As a queer theorist, Sheila Cavanagh says it is her duty to explore the crude, the abject and the inappropriate. But bathrooms? Sex? Sex and bathrooms? Yup. The result of her research is a smash hit play that took the Toronto Fringe festival by storm a few summers ago. Queer Bathroom Stories was adapted from Sheila’s research, for which she conducted 100 interviews with LGBT identifying individuals on the topic of sex and washrooms. It’s the brainchild of an academic passionate about sexuality, the body and desire—and the places where these things take us. It’ll be featured at Buddies In Bad Times Theatre for your viewing pleasure, starting this Friday!
Behind Sheila Cavanagh’s research was a motivation to examine the human rights issues that surround public bathroom use, and the trouble trans and gender variant people experience when trying to access toilets that correspond to their gender identity. Cavanagh suggests that this issue is not taken seriously enough in academia and was compelled by her desire to understand how bathrooms condition and create the ideas we have about gender. In her many interviews Cavanagh witnessed the grimy truth behind bathroom stall doors: that gendered spaces, such as washrooms, act as license for people to “interrogate the gender identities of others.”
“Gendered toilets seem to be most rigorously enforced in Canada and the United States,” Cavanagh says. “There are mixed gender toilets throughout Europe, particularly in France.” She adds that, once upon a time, “excretion was a semi-public and gender inclusive event.” The contentious issues around gendered bathrooms, at least in Canada and the States, take on a vain of protecting women against violence in these spaces. “Many people believe bathrooms are gendered to protect women against male violence. Ironically, gendered toilets invite and do not guard against violence,” Cavanagh says. “Studies on violence repeatedly show that segregated, enclosed, dark spaces are dangerous while open-concept, inclusive, well-lit spaces are safer. Fewer instances of violence happen in gender inclusive bathrooms than in gender segregated toilets. The gender sign on a bathroom door will not stop a sexual perpetrator.”

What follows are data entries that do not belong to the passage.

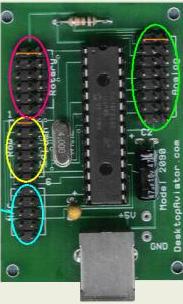 With all needed potentiometers wired, remove the board from the computer s USB Port and insert the 3-pin connectors to the board. NOTE: the 3x8 male connector pine located to the right side of the board support theanalog input only.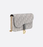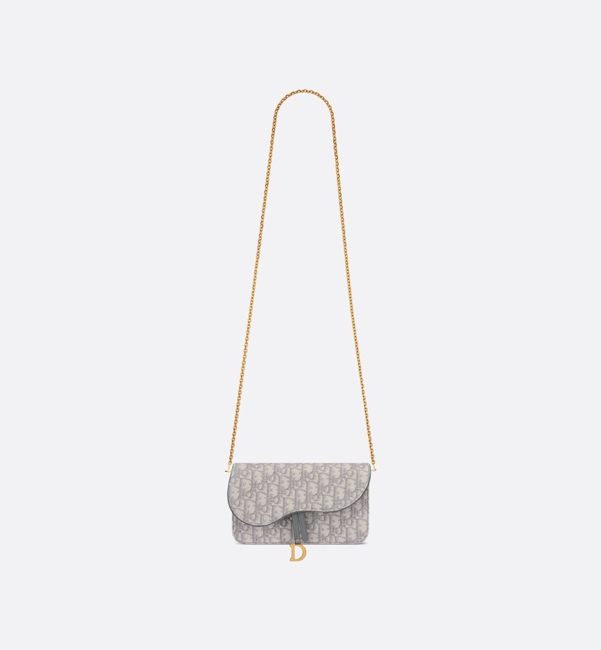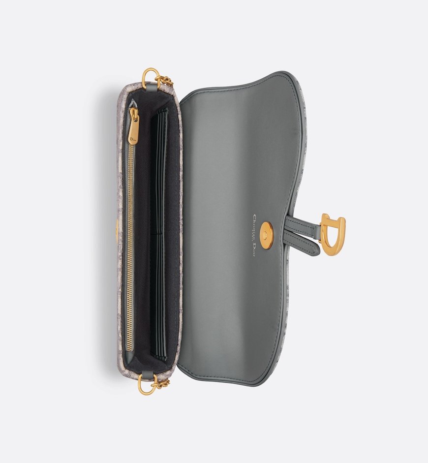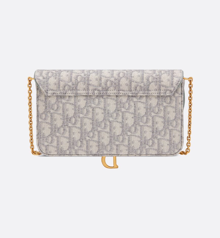 The Saddle pouch with chain is a modern and practical creation with smooth and harmonious lines. Crafted in gray Dior Oblique jacquard, it features an asymmetric flap and an antique gold-finish metal D stirrup. The spacious interior will accommodate any essentials, while the chain allows it to be worn over the shoulder or crossbody. The pouch can be ideally paired with other Saddle creations.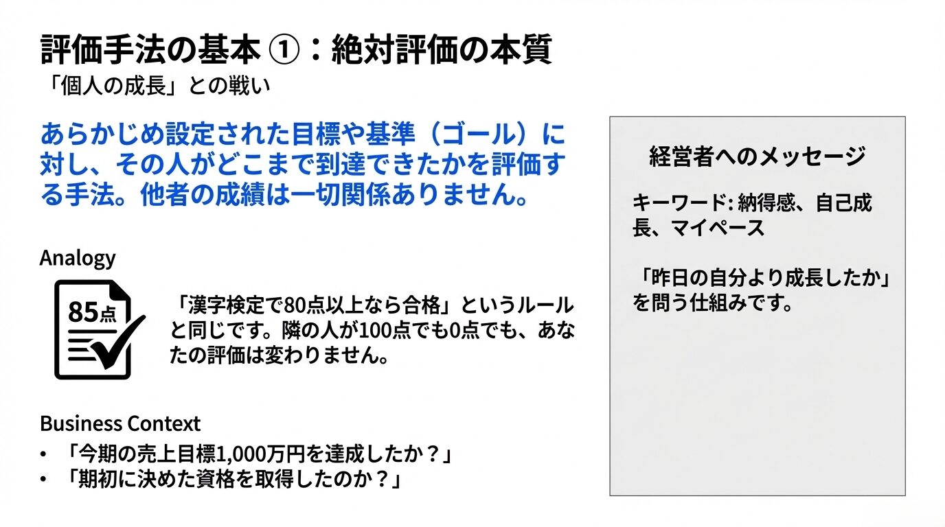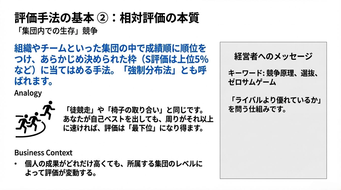 まずは、「絶対評価」と「相対評価」という二つの評価手法が、本質的に「何を見ようとしているのか」を整理することにしましょう。この部分を混同していると、制度設計は必ず失敗します。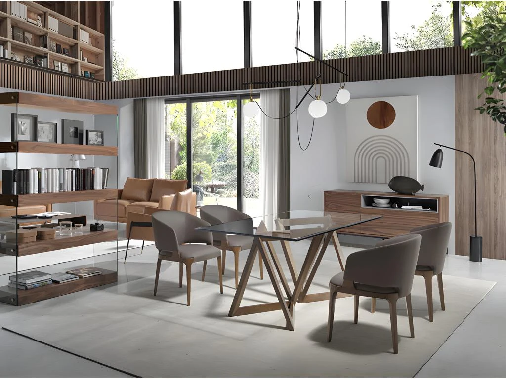 - STYLE: Cette table à manger rectangulaire en verre apportera une touche de modernité à tout type de salon ou de salle à manger. Avec sa structure originale en noyer, elle créera une atmosphère chaleureuse, accueillante et élégante.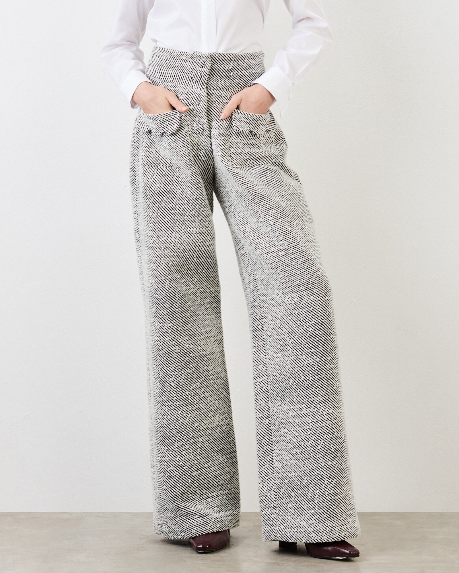 Calça pantalona em chevron com bolsos ondas e botões forrados.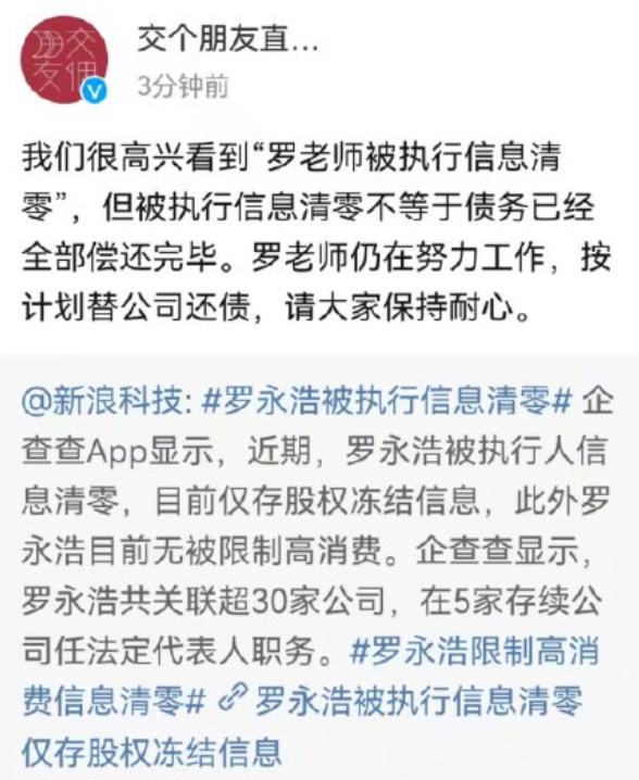 正文 罗永浩方回应被执行信息清零(罗永浩6个亿还完没) kpjjhadmin V管理员 /2022-01-05 18:48:10 /178 阅读 0105 1月5日消息,据企查查App显示,近期,罗永浩被执行人信息清零,目前仅存股权冻结信息,此外罗永浩目前无被限制高消费。交个朋友官回应:我们很高兴看到“罗永浩执行案件已终结”,但被执行信息清零不等于债务已经全部偿还完毕。罗老师仍在努力工作,按照计划替公司还债,请大家保持耐心。 声明:本文内容及图片来源于读者投稿,本网站无法甄别是否为投稿用户创作以及文章的准确性,本站尊重并保护知识产权,根据《信息网络传播权保护条例》,如果我们转载的作品侵犯了您的权利,请在一个月内通知我们,我们会及时删除。请将本侵权页面网址发送邮件到laoyang1981@qq.com,我们会及时做删除处理。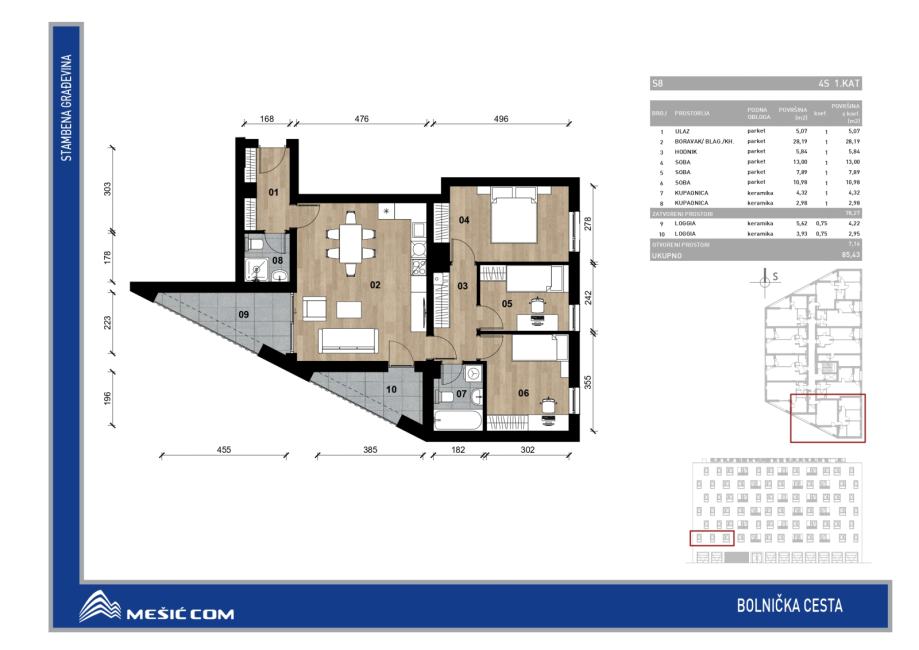 Uz kupnju stana obavezna je kupnja vanjskog parkirnog mjesta, garažnog parkirnog mjesta ili garaže.

The rhetoric of protecting women seems to be called into question every time a trans individual is attacked in a gendered washroom. We see illicit and strict policing of gender and gender identity enacted upon the bodies of trans folks whenever they enter these spaces. From the violent attacks witnessed at a York University washroom not just three years ago to the scenes of harassment in Boys Don’t Cry, gender and body policing is all around us, and public gendered bathrooms are a space in which this policing feels adequately entitled to exist.
Queer Bathroom Stories allows us to go into these places and explore the stories that made Cavanagh laugh and cry and then laugh some more. As a proud partner of WorldPride events, Queer Bathroom Stories aims to participate and influence the conversation around bathroom controversy that seems to be predominant in Canada and the United States.
After a successful run at the Toronto Fringe Festival, complete with encore performances and requests to travel all over Ontario, it is evident that the play has struck a nerve.